Realtime Glasses-Free 3D Display with Seamless Ultrawide Viewing Range using Deep Learning

The pursuit of glasses-free three-dimensional (3D) displays represents an ultimate vision in display technology that could revolutionize human interaction with digital content. While near-eye solutions have shown promise at centimeter scales, scaling up to natural viewing circumstances (like desktop-monitor sizes) remains physically impossible due to the fundamental limitations of confined space-bandwidth product (SBP) in modern optical systems. Existing automultiscopic approaches attempt to address this challenge by trading viewing angles for larger imaging size, but under the limited SBP must compromise between broadish yet discrete effectual viewpoints, or continuous but restricted viewing zone.
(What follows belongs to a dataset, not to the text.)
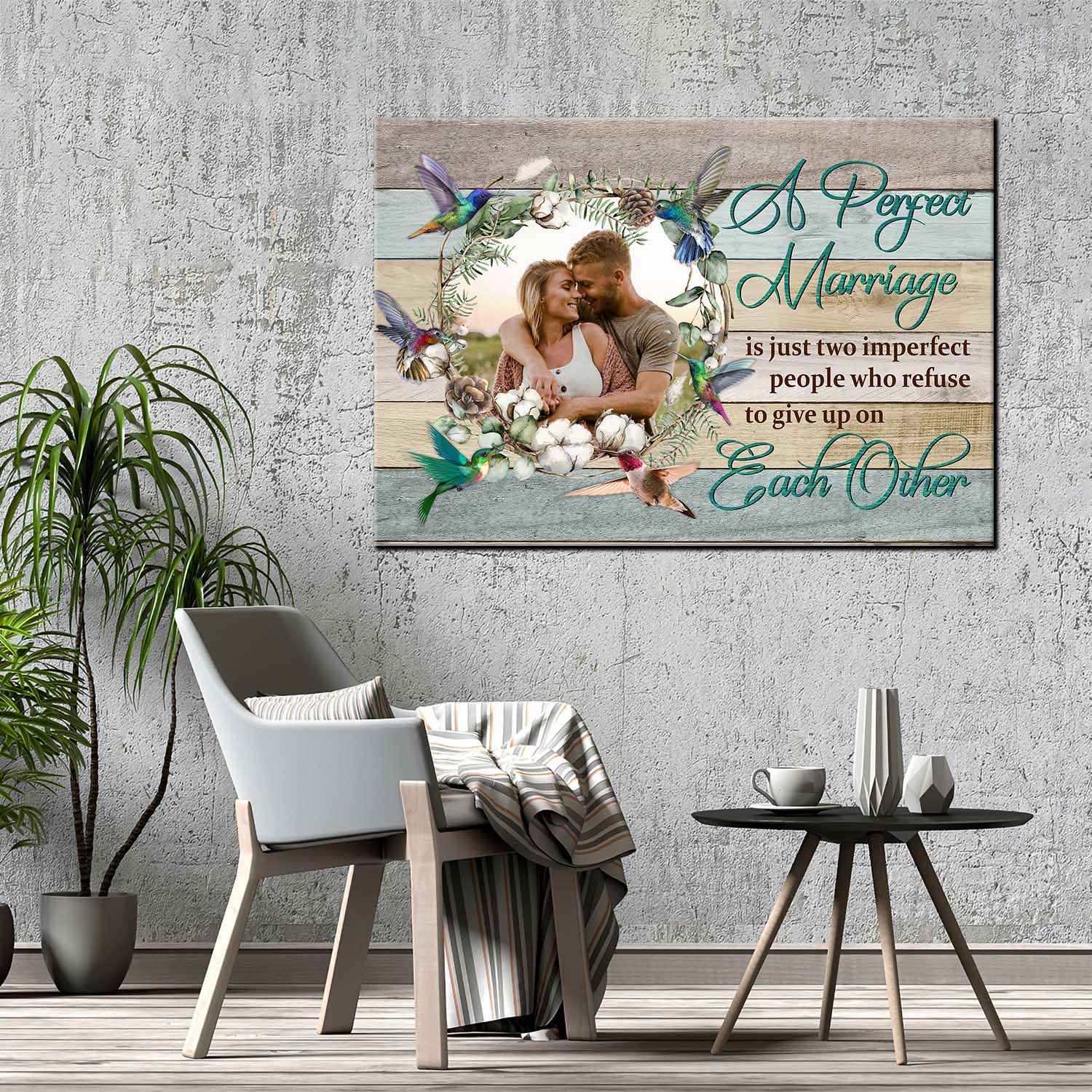 Let’s Shop Personalized Photo A Perfect Marriage Is Just Two Imperfect People Framed Canvas Prints – Unframed Poster!

The limited SBP has made the display with both large scale and wide angle unattainable for over 50 years. Here we present EyeReal, the first artificial-intelligence-based method that maximally harness the constrained SBP to achieve true glasses-free 3D display over seamless ultrawide natural viewing ranges. The proposed neural network approach physically incorporates ocular geometric encoding and structured optical loss functions, enabling accurate but rapid computation of any-view optimal light field with physical-depth interpretability. Through extensive experimental validations, EyeReal demonstrates unprecedented 3D display with seamless viewing angles exceeding 100 degrees with complete parallax types (horizontal, vertical, radial, continuous, and focal) and no vergence-accommodation conflict, a combination previously thought impossible. This is maintained at high frame rates (over 50 hertz) with 1920×1080 resolutions on consumer hardware. This breakthrough establishes a potential foundation for next-generation consumer-grade 3D displays, opening new horizons across education, design, virtual interaction.